[Collection entries]
= = = =

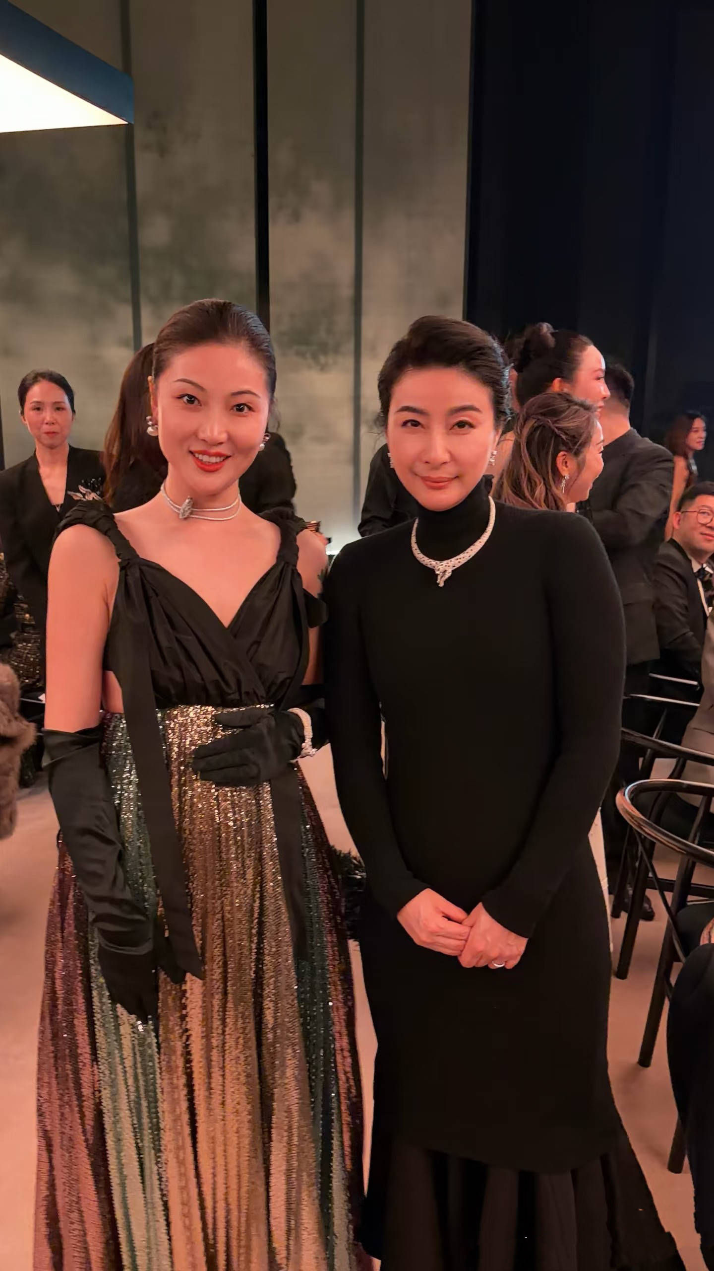 黑色修身的连衣裙,配上奢华贵气的珠宝,在她身上一点都不夸张,反而有一种低调沉稳的气质。
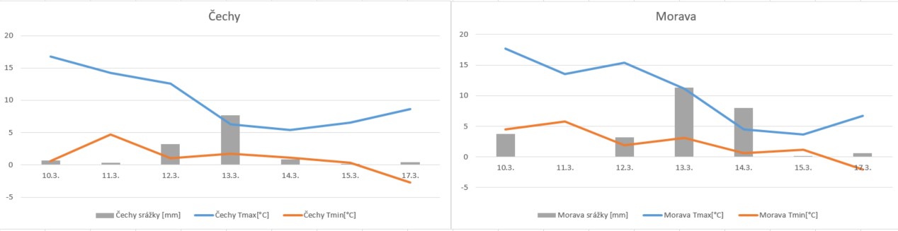 Srážky už se oproti minulým týdnům vyskytovaly častěji. Do úterního rána se vyskytly především v jihovýchodní polovině území (1 až 10 mm a výjimečně až 15 mm). V úterý během dne se na severozápadě území místy vyskytly přeháňky a ojedinělé bouřky (1 až 7 mm). Od středy do pátku se na frontálním rozhraní vyskytovaly i trvalejší srážky. Nejméně srážek se vyskytlo v západní polovině Čech, cca 1 až 8 mm. Jinde napršelo většinou 8 až 20 mm, ale na Moravě často 20 až 35 mm a výjimečně i nad 40 mm. Do nedělního rána přibylo ještě na jihovýchodě územní 1 až 5 mm srážek a do pondělního rána spadlo od několika desetin po 8 mm místy v severní polovině území, hlavně na horách.
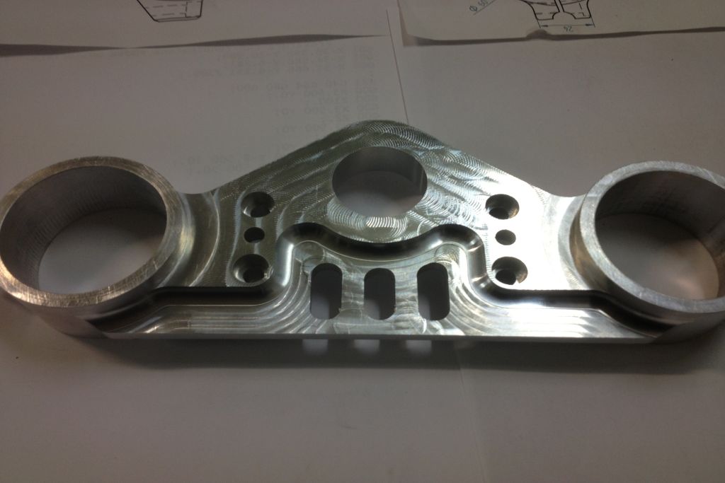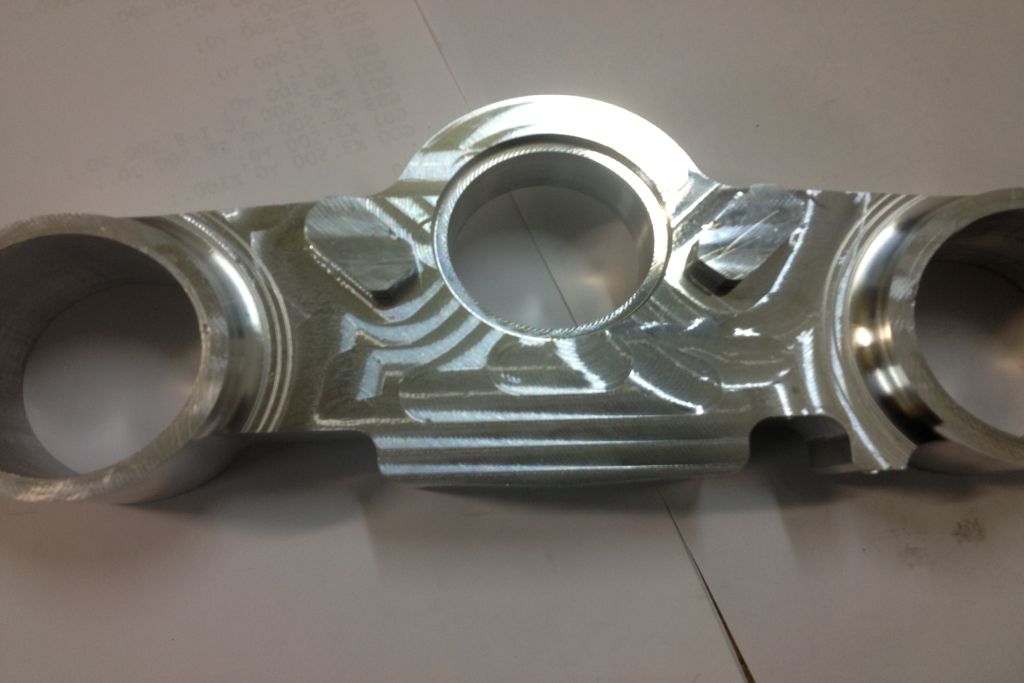 Sono fotografie del gruppo piastre di sterzo, con offset regolabile, per Honda CRF 150 Minimotard. Le foto sono realizzate, appena dopo le prime lavorazioni.
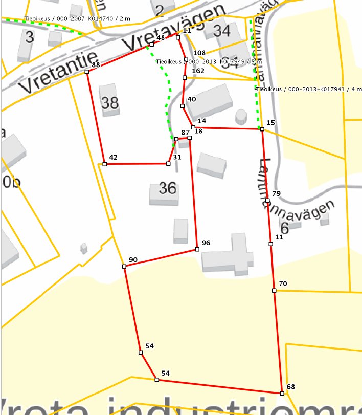 Pihapiirin alueeksi lasketaan n. 8 000 m2 ja e-luku on 0,15 eli teoreettinen rakennusoikeus on 1 200 m2.
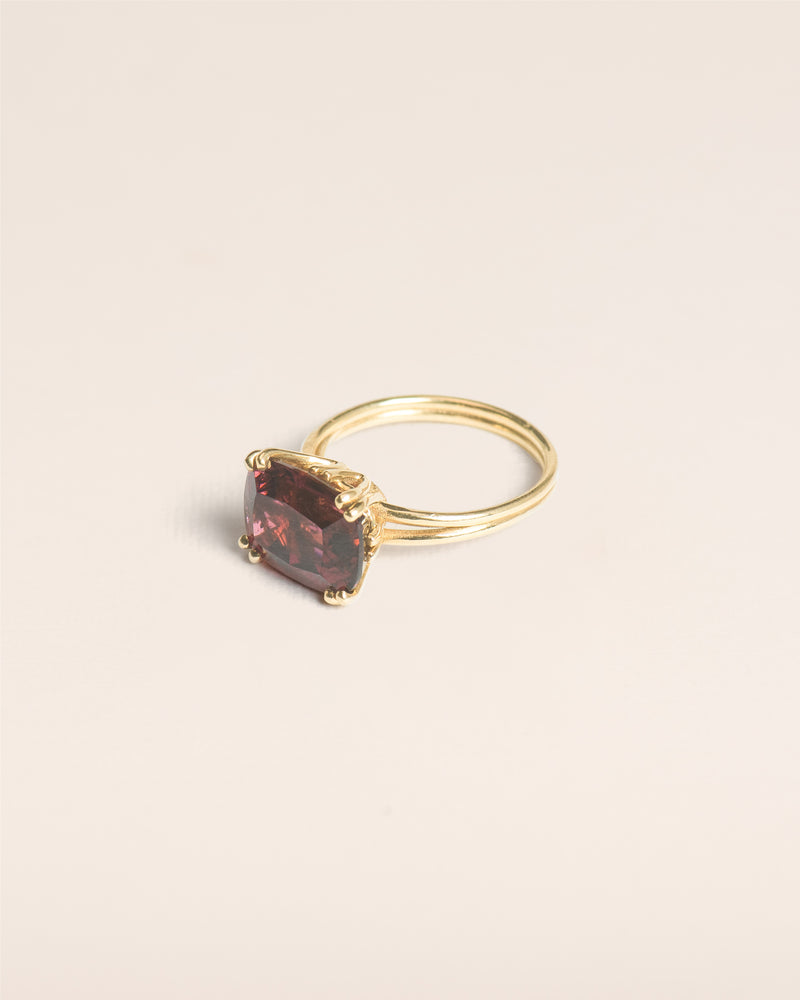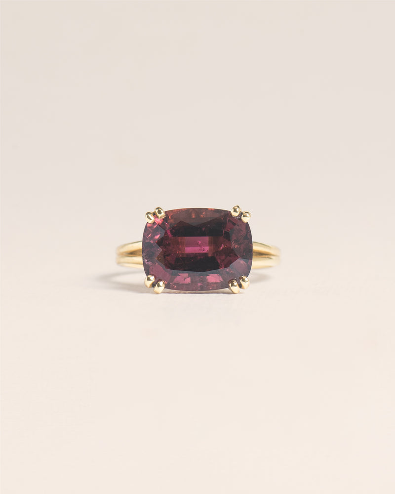 A cocktail ring is a sculptural statement. Worn not merely for the occasion, but as the occasion. Purposefully designed to let its centre stone speak for itself, this Wouters & Hendrix version is crowned with a cushion-cut pink tourmaline, a gem unearthed from the rich soils of Nigeria. Said to be a gift from a love-struck goddess to her mortal beloved, pink tourmaline was born from tears of longing that fell to earth and crystallised into emotion made tangible. A talisman of passion, tenderness, and protective grace.
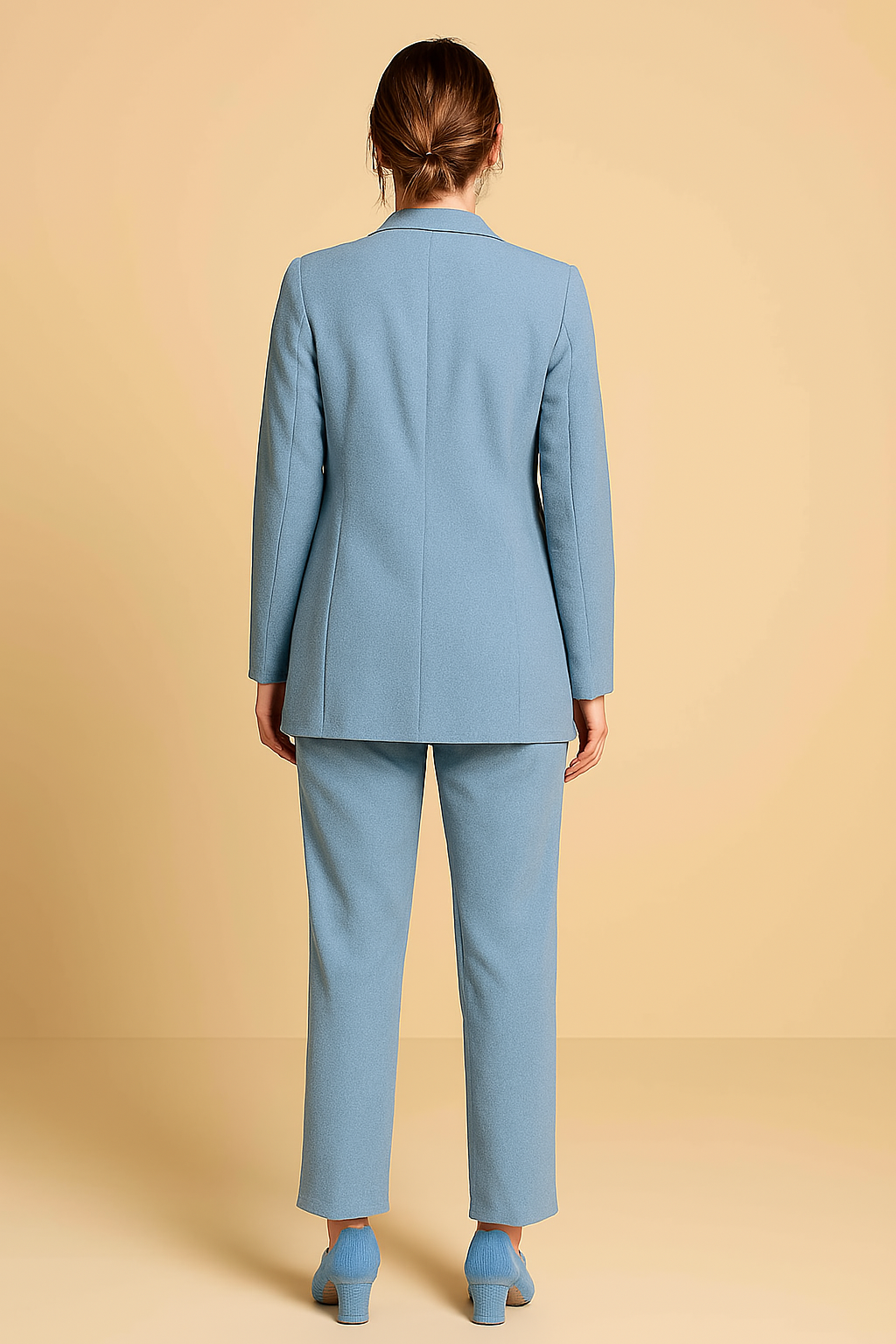 A calça de alfaiataria que compõe o conjunto é um verdadeiro exemplo de equilíbrio entre estrutura e conforto. Com cintura alta e corte reto, ela valoriza a silhueta feminina, oferecendo um caimento impecável que alonga as pernas e afina a cintura. O fechamento é discreto, com zíper embutido e cós limpo, mantendo a estética sofisticada e funcional. O comprimento da barra é pensado para harmonizar com diferentes tipos de calçados, desde scarpins clássicos até sandálias de salto ou botas de cano curto. A calça é versátil e pode ser usada tanto com as outras peças do conjunto quanto de forma independente, compondo looks variados para diferentes ocasiões.

= = = =

*The problem*
Take the entries shown above and quote them verbatim, passing over the pictures.

*Task response*
 黑色修身的连衣裙,配上奢华贵气的珠宝,在她身上一点都不夸张,反而有一种低调沉稳的气质。
 Srážky už se oproti minulým týdnům vyskytovaly častěji. Do úterního rána se vyskytly především v jihovýchodní polovině území (1 až 10 mm a výjimečně až 15 mm). V úterý během dne se na severozápadě území místy vyskytly přeháňky a ojedinělé bouřky (1 až 7 mm). Od středy do pátku se na frontálním rozhraní vyskytovaly i trvalejší srážky. Nejméně srážek se vyskytlo v západní polovině Čech, cca 1 až 8 mm. Jinde napršelo většinou 8 až 20 mm, ale na Moravě často 20 až 35 mm a výjimečně i nad 40 mm. Do nedělního rána přibylo ještě na jihovýchodě územní 1 až 5 mm srážek a do pondělního rána spadlo od několika desetin po 8 mm místy v severní polovině území, hlavně na horách.
 Sono fotografie del gruppo piastre di sterzo, con offset regolabile, per Honda CRF 150 Minimotard. Le foto sono realizzate, appena dopo le prime lavorazioni.
 Pihapiirin alueeksi lasketaan n. 8 000 m2 ja e-luku on 0,15 eli teoreettinen rakennusoikeus on 1 200 m2.
 A cocktail ring is a sculptural statement. Worn not merely for the occasion, but as the occasion. Purposefully designed to let its centre stone speak for itself, this Wouters & Hendrix version is crowned with a cushion-cut pink tourmaline, a gem unearthed from the rich soils of Nigeria. Said to be a gift from a love-struck goddess to her mortal beloved, pink tourmaline was born from tears of longing that fell to earth and crystallised into emotion made tangible. A talisman of passion, tenderness, and protective grace.
 A calça de alfaiataria que compõe o conjunto é um verdadeiro exemplo de equilíbrio entre estrutura e conforto. Com cintura alta e corte reto, ela valoriza a silhueta feminina, oferecendo um caimento impecável que alonga as pernas e afina a cintura. O fechamento é discreto, com zíper embutido e cós limpo, mantendo a estética sofisticada e funcional. O comprimento da barra é pensado para harmonizar com diferentes tipos de calçados, desde scarpins clássicos até sandálias de salto ou botas de cano curto. A calça é versátil e pode ser usada tanto com as outras peças do conjunto quanto de forma independente, compondo looks variados para diferentes ocasiões.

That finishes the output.